718.2 A court that imposes a sentence shall also take into consideration the following principles:

 

.

 

(d) an offender should not be deprived of liberty, if less restrictive sanctions may be appropriate in the circumstances; and

 

 

(e) all available sanctions other than imprisonment that are reasonable in the circumstances should be considered for all offenders, with particular attention to the circumstances of aboriginal offenders.

 

718.2 Le tribunal détermine la peine à infliger compte tenu également des principes suivants :

 

[.]

 

d) l'obligation, avant d'envisager la privation de liberté, d'examiner la possibilité de sanctions moins contraignantes lorsque les circonstances le justifient;

 

e) l'examen de toutes les sanctions substitutives applicables qui sont justifiées dans les circonstances, plus particulièrement en ce qui concerne les délinquants autochtones.

 

 

[56]           Finally, an appellate court must maintain a considerable reserve when reviewing issues of fitness of sentence.
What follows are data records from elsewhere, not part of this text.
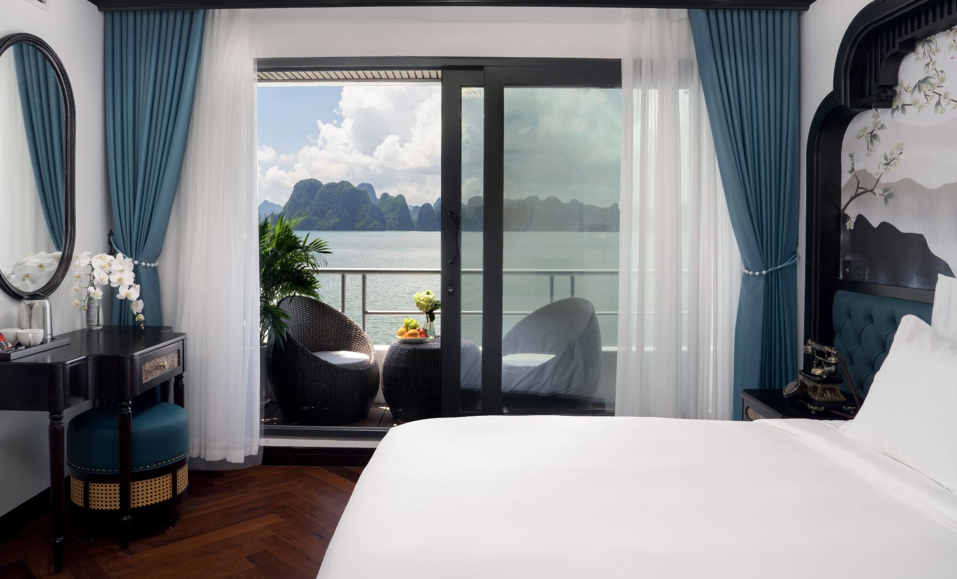 Các phòng nghỉ có diện tích từ 40m2 đến 200m2 đều sở hữu ban công riêng và bồn tắm view Vịnh tuyệt hảo. Nội thất trong phòng và các khu vực tiện ích của du thuyền được thiết kế đồng nhất theo phong cách Indochine, là sự giao thoa hoàn hảo của tinh hoa kiến trúc Đông – Tây kết hợp cùng phòng cách Á Đông đầy nghệ thuật.
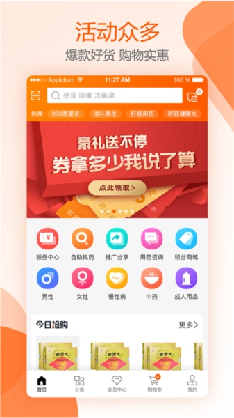 用户体验优化:软件界面友好,购物送积分,购药过程方便
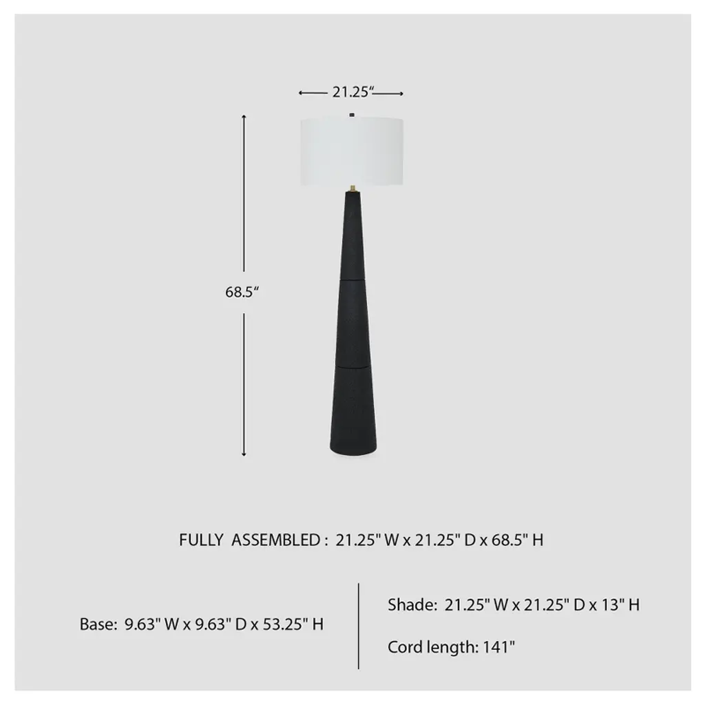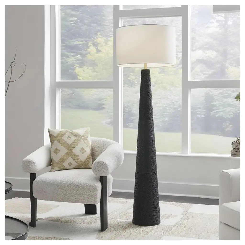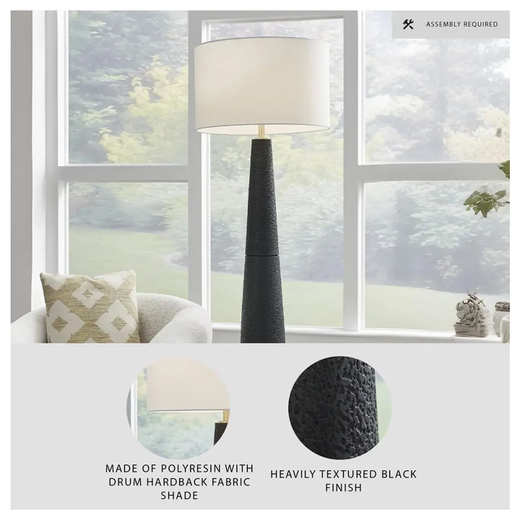 Like a contemporary aesthetic? Embrace it with this chic floor lamp. A mastery in minimalism, it wows with a textured black finish and stylish drum shade, offering a touch of refined elegance. This piece will illuminate your living area or home office with just the right amount of sophistication.

It should intervene only if it is satisfied that the sentence is clearly demonstrably unfit: see R. v. M. (C.A.) [1996] 1 S.C.R. 500 at p. 565, R. v. Dixon, [2005] C.M.A.J. No. 2 at paragraph 18.

 

[57]           The issue of the fitness of the sentence is raised by the decision of this Court in R. v. Tupper, [2009] C.M.A.J., No. 9. In that case, this Court examined the effect of the administrative release of an offender from the Canadian Forces in the assessment of an appropriate sentence. It found that the sentence of detention and dismissal with disgrace which had been imposed on the appellant were overtaken by the appellant's administrative release from the Canadian Forces. The Court found that, as a civilian, the appellant was not subject to punishment which was specifically reserved to soldiers. Dealing specifically with the sentence that the appellant serve a period of detention, the Court commented that "he cannot be placed back into a uniform to serve a period of detention in military barracks.": see R. v. Tupper, previously cited, at paragraph 67.

 

[58]           The sentence in question in Tupper included a period of detention. In the military context, detention is a form of incarceration which has a specific objective of rehabilitation of the offender as a member of the Canadian Forces. This is clearly set out in the note to section 104.09 of the QR&O which provides as follows:

(A) In keeping with its disciplinary nature, the punishment of detention seeks to rehabilitate service detainees, by re-instilling in them the habit of obedience in a structured, military setting, through a regime of training that emphasizes the institutional values and skills that distinguish the Canadian Forces member from other members of society. Specialized treatment and counselling programmes to deal with drug and alcohol dependencies and similar health problems will also be made available to those service detainees who require them. Once the sentence of detention has been served, the member will normally be returned to his or her unit without any lasting effect on his or her career.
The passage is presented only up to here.